Eoin McNamee  (1914 - 9 August 1986) was an Irish Republican and former Chief of Staff of the Irish Republican Army.

Background
McNamee (MacNamee) is described as having grown up "in the Sperrin Mountains" of County Tyrone and County Londonderry in Ireland, and received little in the way of formal education. “A scholarly, astute, and sane man, with clear perception he saw that a successful revolutionary effort had to be fought on all levels, including political and agitation, but he remained totally committed to the view that armed struggle was the cutting edge or the spear of efforts, the key to victory.” McNamee was described as being little shy and often quiet, shunning publicity, always working behind the scenes. Pearse Kelly remembered him as being “a solid indestructible man who seemed to have a rock-like tenacity.”

Irish Republican Army
He joined the Irish Republican Army in 1932 Greencastle, County Tyrone before emigrating to London. McNamee took long journeys by bicycle on the narrow mountainous roads of Tyrone and Donegal, resulting in a mass of recruits for the IRA. He was involved in the Republican Congress, an attempt by the far-left in Ireland to form a political party that would be on good terms with the IRA. However, the Republican Congress split between having moderate Republican goals or an explicitly Communist outlook.

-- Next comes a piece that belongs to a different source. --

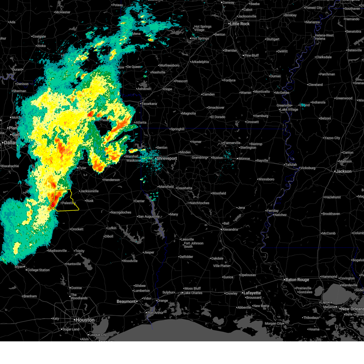 At 1253 am cdt, a severe thunderstorm was located near elkhart, or 9 miles south of palestine, moving northeast at 20 mph (radar indicated). Hazards include 60 mph wind gusts and quarter size hail. Hail damage to vehicles is expected. expect wind damage to roofs, siding, and trees. this severe storm will be near, elkhart around 105 am cdt. palestine around 120 am cdt. Other locations impacted by this severe thunderstorm include oakwood.

Between 1937 and 1939 he lived in England, still operating for the IRA, working as an "intelligence officer". In March and April 1938 he attended IRA conventions in Ireland and was the spokesman for Seán Russell's faction in the voting for a new chief of staff. During this time period he, along with other IRA members who were operating in England, were given a brief introduction into how to create explosives by Seamus O'Donovan and Patrick McGrath (Irish Republican) in support of the 1939-40 IRA bombing campaign against Britain - the S-Plan. The S-Plan was a bombing campaign carried out by the IRA against targets in Great Britain during wartime. During the campaign there were 300 explosions, 10 deaths and 96 injuries. The explosion at Milverton railway station (3 July 1939) may have been the work of McNamee, as he was based in the west midlands of the UK.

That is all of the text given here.